Below are entries. Give back exactly the lines from the one containing "วันนี้ (17 มี.ค.69)" through the one containing "Maak kennis met", inclusive, without the pictures.

=== THE DATA ===
--- --- ---

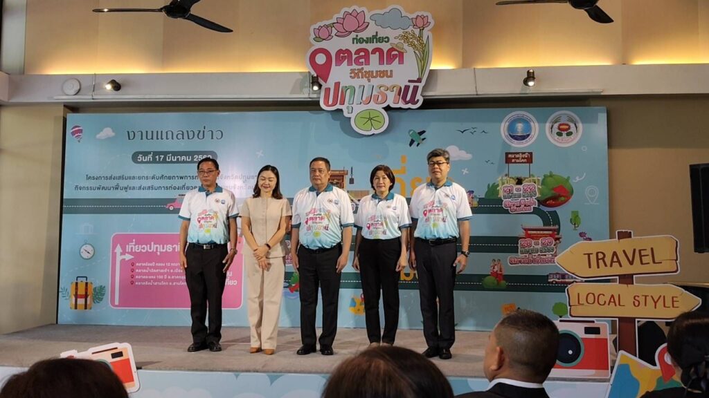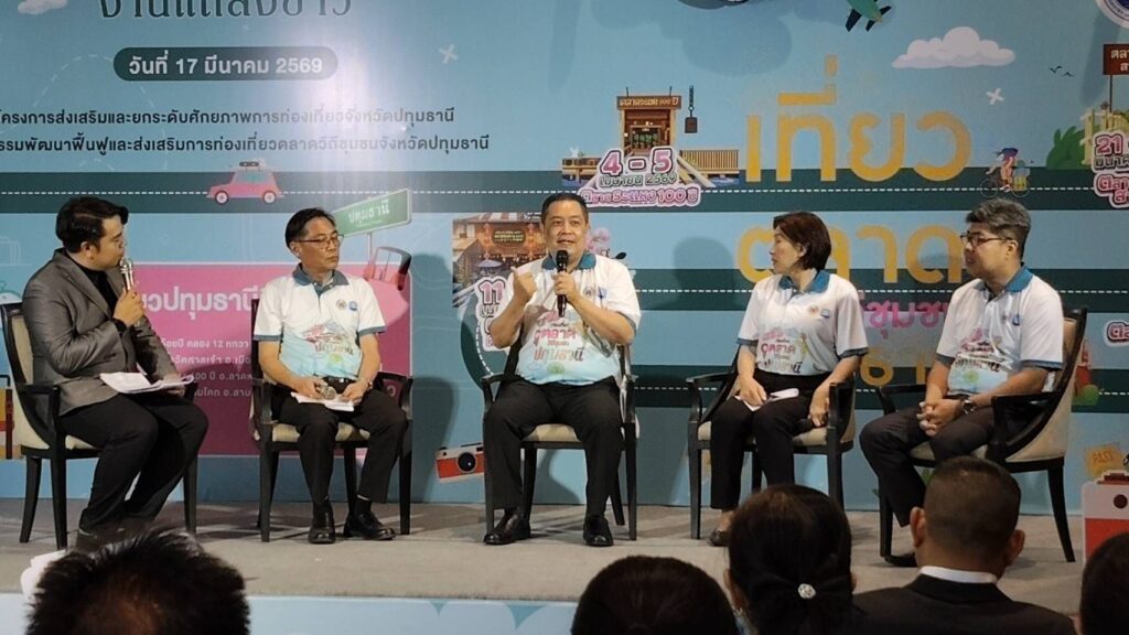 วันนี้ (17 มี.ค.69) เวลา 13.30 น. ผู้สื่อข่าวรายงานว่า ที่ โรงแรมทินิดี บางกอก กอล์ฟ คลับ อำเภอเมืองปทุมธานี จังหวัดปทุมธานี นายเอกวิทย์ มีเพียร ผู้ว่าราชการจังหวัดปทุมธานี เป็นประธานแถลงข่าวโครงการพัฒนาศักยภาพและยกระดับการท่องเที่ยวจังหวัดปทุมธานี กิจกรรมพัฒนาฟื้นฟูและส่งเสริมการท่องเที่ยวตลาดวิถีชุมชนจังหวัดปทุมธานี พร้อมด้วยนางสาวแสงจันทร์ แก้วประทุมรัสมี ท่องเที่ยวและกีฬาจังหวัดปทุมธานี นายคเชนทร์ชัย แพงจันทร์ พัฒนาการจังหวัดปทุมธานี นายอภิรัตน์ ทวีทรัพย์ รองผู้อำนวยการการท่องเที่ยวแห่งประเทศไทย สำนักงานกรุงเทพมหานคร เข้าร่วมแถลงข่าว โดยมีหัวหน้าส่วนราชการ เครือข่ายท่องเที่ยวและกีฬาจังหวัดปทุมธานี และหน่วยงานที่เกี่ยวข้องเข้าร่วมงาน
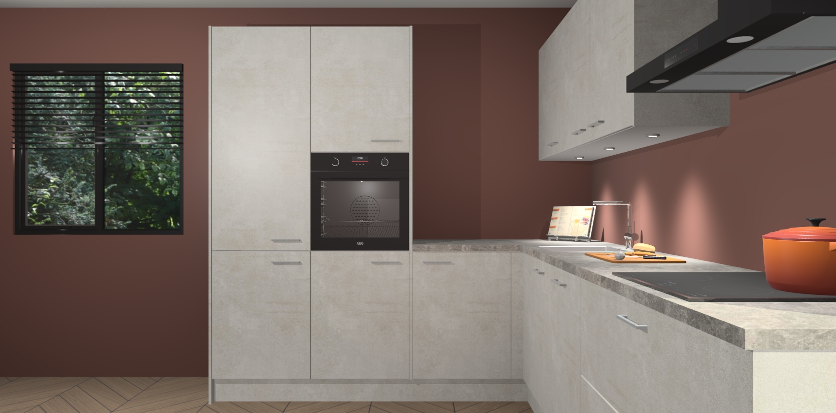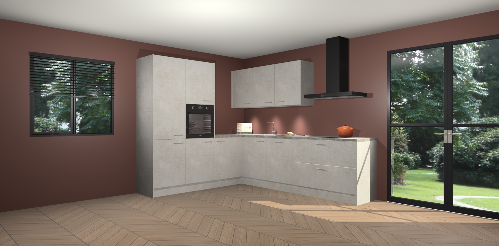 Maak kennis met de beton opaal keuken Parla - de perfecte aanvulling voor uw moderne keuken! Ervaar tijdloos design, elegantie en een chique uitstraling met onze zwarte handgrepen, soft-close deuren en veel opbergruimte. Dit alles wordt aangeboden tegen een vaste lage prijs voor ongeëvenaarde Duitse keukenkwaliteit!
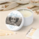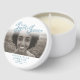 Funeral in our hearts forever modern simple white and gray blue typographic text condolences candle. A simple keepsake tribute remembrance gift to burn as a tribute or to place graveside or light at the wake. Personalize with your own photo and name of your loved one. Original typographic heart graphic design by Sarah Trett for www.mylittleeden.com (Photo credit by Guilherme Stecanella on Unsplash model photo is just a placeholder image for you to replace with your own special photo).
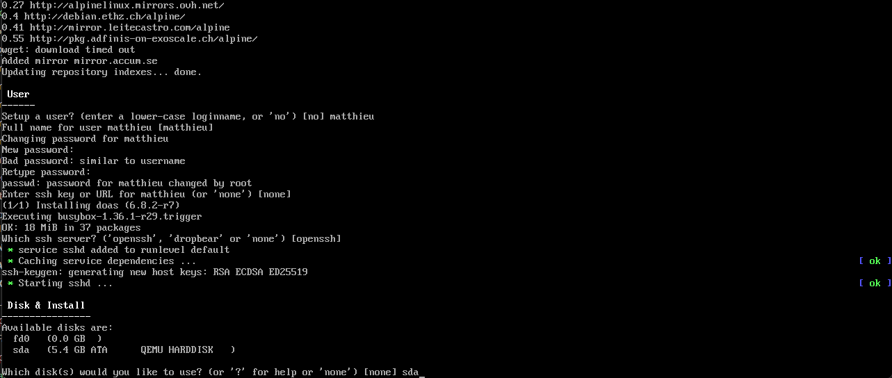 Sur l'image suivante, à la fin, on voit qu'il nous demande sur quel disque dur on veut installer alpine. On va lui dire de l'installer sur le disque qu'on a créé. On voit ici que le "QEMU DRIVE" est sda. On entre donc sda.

--- --- ---

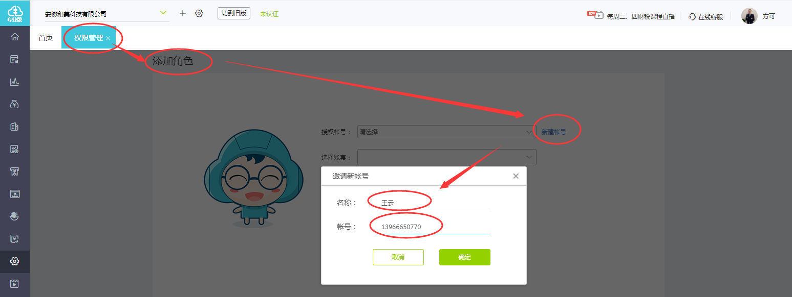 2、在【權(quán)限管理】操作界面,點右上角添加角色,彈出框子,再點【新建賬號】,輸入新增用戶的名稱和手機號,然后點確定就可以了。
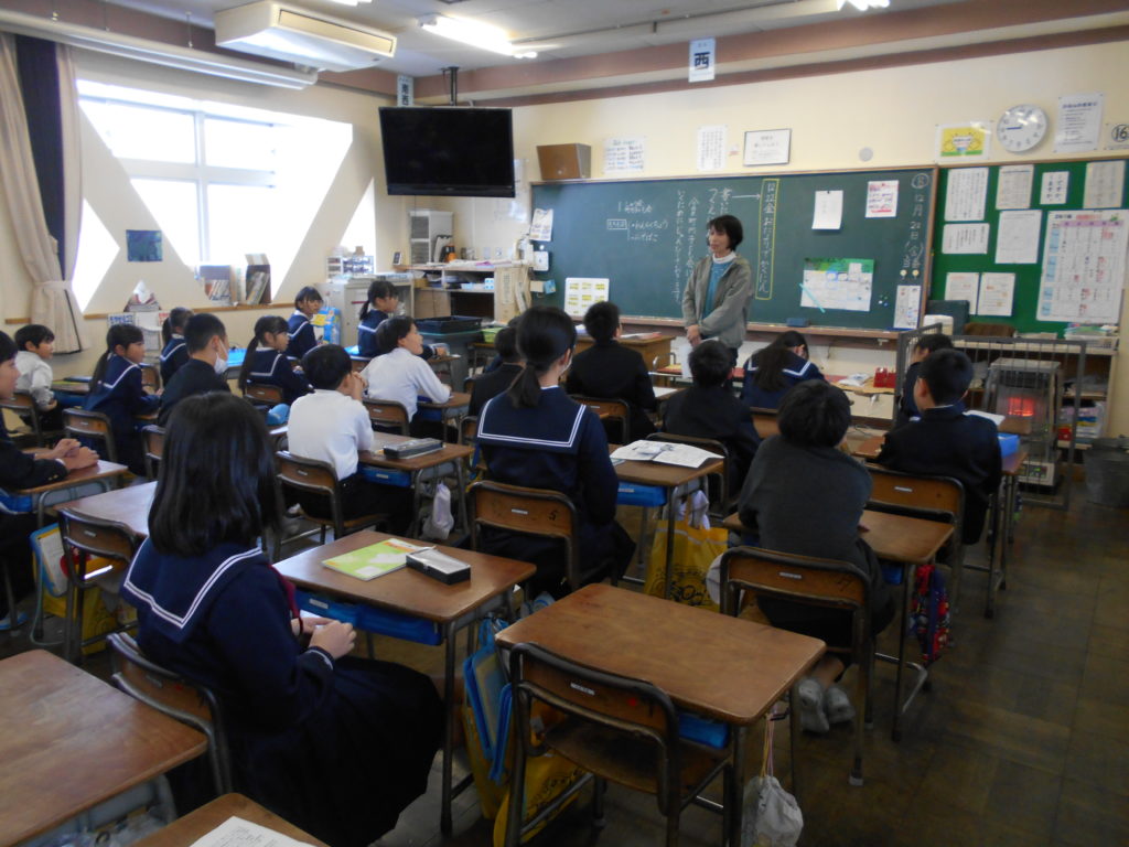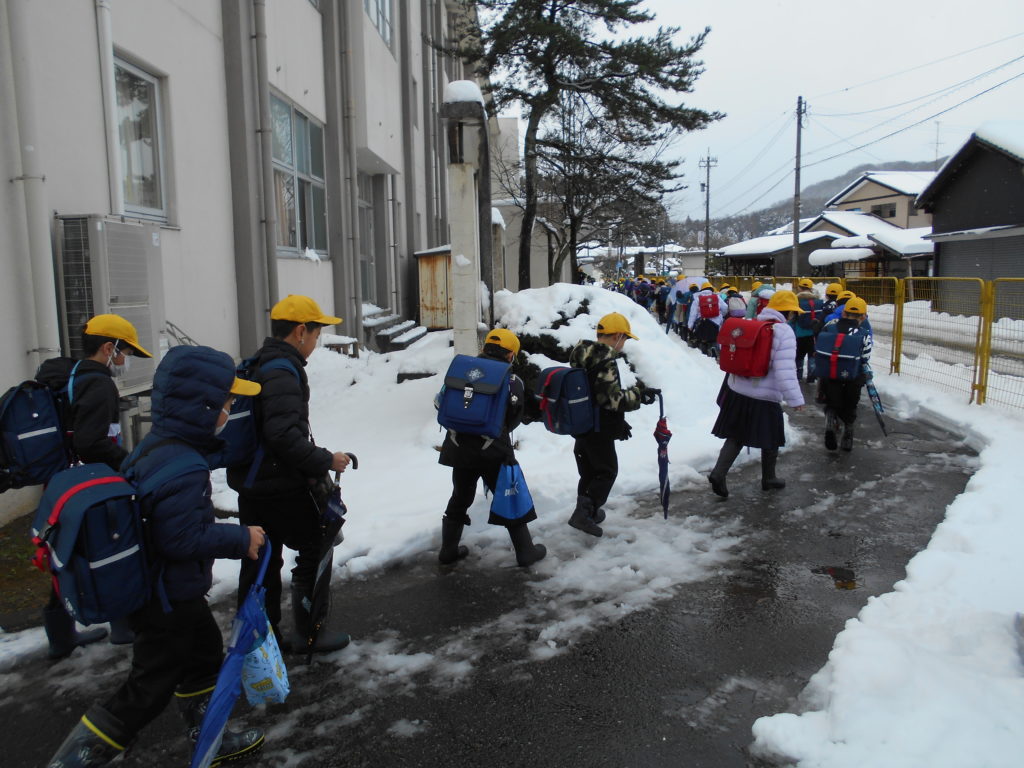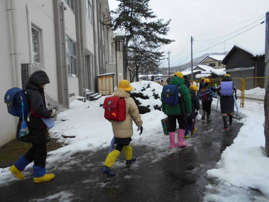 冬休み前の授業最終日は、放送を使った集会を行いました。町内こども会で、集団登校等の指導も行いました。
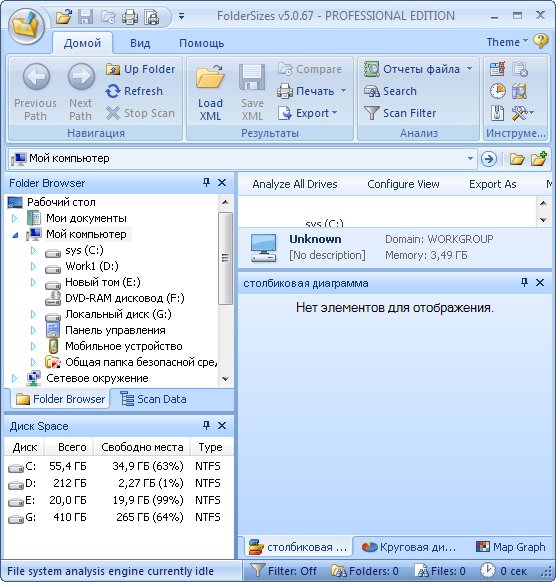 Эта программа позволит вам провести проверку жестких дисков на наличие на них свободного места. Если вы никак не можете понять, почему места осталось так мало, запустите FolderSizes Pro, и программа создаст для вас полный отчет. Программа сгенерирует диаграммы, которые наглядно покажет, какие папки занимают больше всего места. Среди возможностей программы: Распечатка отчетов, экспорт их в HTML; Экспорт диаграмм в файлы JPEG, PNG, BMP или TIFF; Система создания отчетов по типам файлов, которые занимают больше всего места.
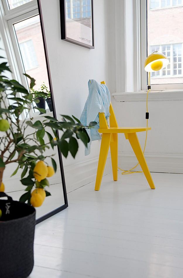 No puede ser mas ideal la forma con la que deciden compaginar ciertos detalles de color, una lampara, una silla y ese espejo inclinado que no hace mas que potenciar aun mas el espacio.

--- --- ---

=== EXERCISE RESPONSE ===
 วันนี้ (17 มี.ค.69) เวลา 13.30 น. ผู้สื่อข่าวรายงานว่า ที่ โรงแรมทินิดี บางกอก กอล์ฟ คลับ อำเภอเมืองปทุมธานี จังหวัดปทุมธานี นายเอกวิทย์ มีเพียร ผู้ว่าราชการจังหวัดปทุมธานี เป็นประธานแถลงข่าวโครงการพัฒนาศักยภาพและยกระดับการท่องเที่ยวจังหวัดปทุมธานี กิจกรรมพัฒนาฟื้นฟูและส่งเสริมการท่องเที่ยวตลาดวิถีชุมชนจังหวัดปทุมธานี พร้อมด้วยนางสาวแสงจันทร์ แก้วประทุมรัสมี ท่องเที่ยวและกีฬาจังหวัดปทุมธานี นายคเชนทร์ชัย แพงจันทร์ พัฒนาการจังหวัดปทุมธานี นายอภิรัตน์ ทวีทรัพย์ รองผู้อำนวยการการท่องเที่ยวแห่งประเทศไทย สำนักงานกรุงเทพมหานคร เข้าร่วมแถลงข่าว โดยมีหัวหน้าส่วนราชการ เครือข่ายท่องเที่ยวและกีฬาจังหวัดปทุมธานี และหน่วยงานที่เกี่ยวข้องเข้าร่วมงาน
 Maak kennis met de beton opaal keuken Parla - de perfecte aanvulling voor uw moderne keuken! Ervaar tijdloos design, elegantie en een chique uitstraling met onze zwarte handgrepen, soft-close deuren en veel opbergruimte. Dit alles wordt aangeboden tegen een vaste lage prijs voor ongeëvenaarde Duitse keukenkwaliteit!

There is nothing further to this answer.